They drew the chair under the plum-tree, which was snow-white with blossoms and musical with bees. It was like a king's canopy, a fairy king's. There were flowering cherry-trees near and apple-trees whose buds were pink and white, and here and there one had burst open wide. Between the blossoming branches of the canopy bits of blue sky looked down like wonderful eyes.

Mary and Dickon worked a little here and there and Colin watched them. They brought him things to look at—buds which were opening, buds which were tight closed, bits of twig whose leaves were just showing green, the feather of a woodpecker which had dropped on the grass, the empty shell of some bird early hatched. Dickon pushed the chair slowly round and round the garden, stopping every other moment to let him look at wonders springing out of the earth or trailing down from trees. It was like being taken in state round the country of a magic king and queen and shown all the mysterious riches it contained.

"I wonder if we shall see the robin?" said Colin.

"Tha'll see him often enow after a bit," answered Dickon. "When th' eggs hatches out th' little chap he'll be kep' so busy it'll make his head swim. Tha'll see him flyin' backward an' for'ard carryin' worms nigh as big as himsel' an' that much noise goin' on in th' nest when he gets there as fair flusters him so as he scarce knows which big mouth to drop th' first piece in. An' gapin' beaks an' squawks on every side. Mother says as when she sees th' work a robin has to keep them gapin' beaks filled, she feels like she was a lady with nothin' to do. She says she's seen th' little chaps when it seemed like th' sweat must be droppin' off 'em, though folk can't see it."

This made them giggle so delightedly that they were obliged to cover their mouths with their hands, remembering that they must not be heard. Colin had been instructed as to the law of whispers and low voices several days before. He liked the mysteriousness of it and did his best, but in the midst of excited enjoyment it is rather difficult never to laugh above a whisper.
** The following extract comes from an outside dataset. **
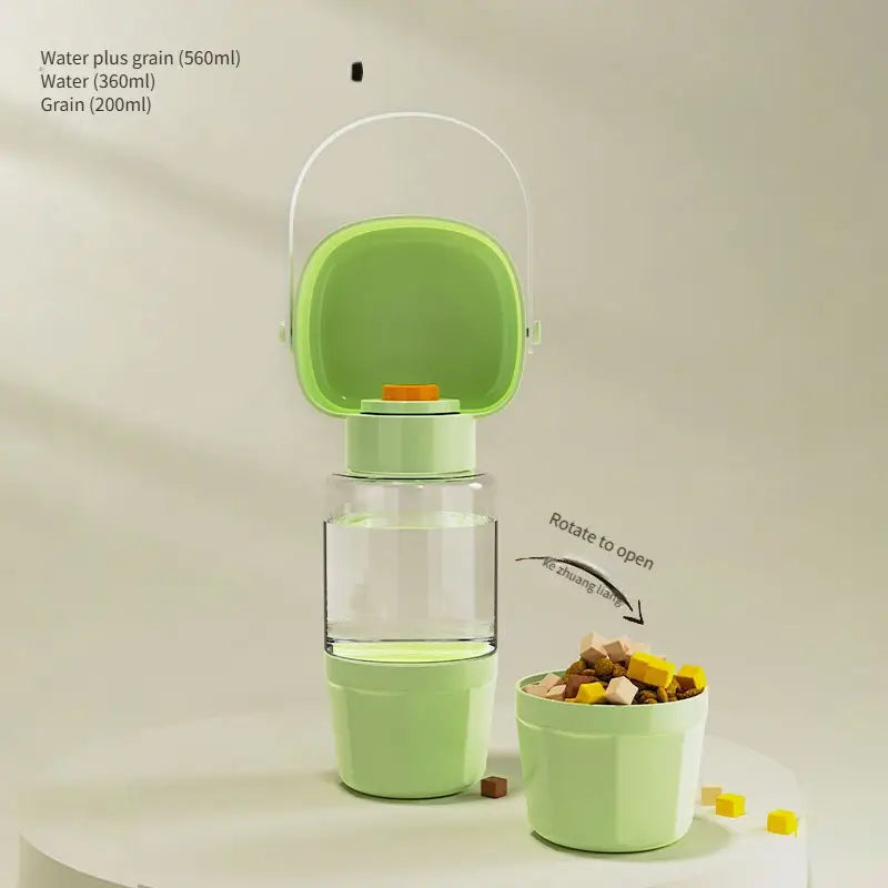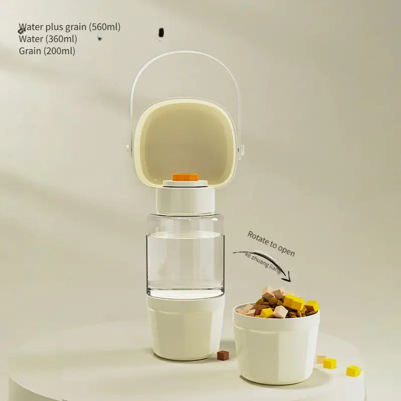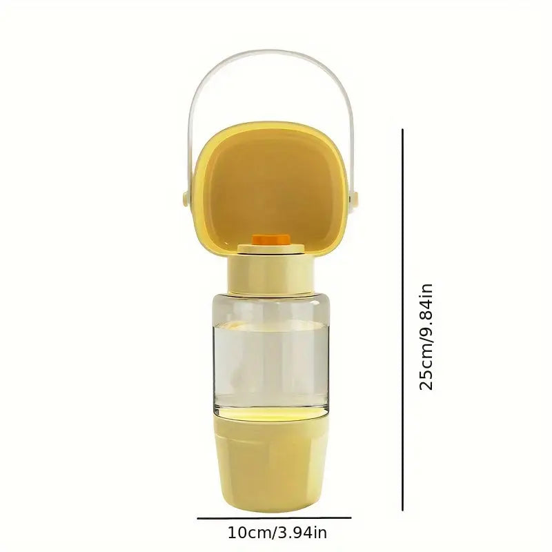 UNA BORRACCIA D'ACQUA PORTATILE PER ANIMALI DOMESTICI, DOPPIA FUNZIONE BICCHIERE E PORTA CROCCHETTE.

Every moment of the afternoon was full of new things and every hour the sunshine grew more golden. The wheeled chair had been drawn back under the canopy and Dickon had sat down on the grass and had just drawn out his pipe when Colin saw something he had not had time to notice before.
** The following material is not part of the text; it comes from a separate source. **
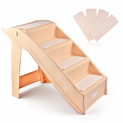 -. Binding : Misc. -. Brand : Lovely Pets -. EAN : 0602281972061 -. Feature : An attractive, affordable way to help your pet reach her favorite napping place / Safety siderails let your pet climb with confidence; Carpeted stair treads for better traction / Perfect for helping pets reach high places; such as tall beds / Weigh only 6 lbs.; but support over 120 lbs; Ideal for small or medium-size dogs / No assembly required; Folds down for easy storage or transport -. Label : USA -. Manufacturer : USA -. PackageQuantity : 1 -. ProductGroup : Pet Products -. ProductTypeName : PET_SUPPLIES -. Publisher : USA -. Studio : USA -. Title : Folding Pet Stairs Dog Cat Step Ramp Ladder Large Portable for Tall Bed in Beige -. UPC : 602281972061

"That's a very old tree over there, isn't it?" he said.

Dickon looked across the grass at the tree and Mary looked and there was a brief moment of stillness.

"Yes," answered Dickon, after it, and his low voice had a very gentle sound.

Mary gazed at the tree and thought.

"The branches are quite gray and there's not a single leaf anywhere," Colin went on. "It's quite dead, isn't it?"

"Aye," admitted Dickon. "But them roses as has climbed all over it will near hide every bit o' th' dead wood when they're full o' leaves an' flowers. It won't look dead then. It'll be th' prettiest of all."

Mary still gazed at the tree and thought.

"It looks as if a big branch had been broken off," said Colin. "I wonder how it was done."

"It's been done many a year," answered Dickon. "Eh!" with a sudden relieved start and laying his hand on Colin. "Look at that robin! There he is! He's been foragin' for his mate."

Colin was almost too late but he just caught sight of him, the flash of red-breasted bird with something in his beak. He darted through the greenness and into the close-grown corner and was out of sight. Colin leaned back on his cushion again, laughing a little.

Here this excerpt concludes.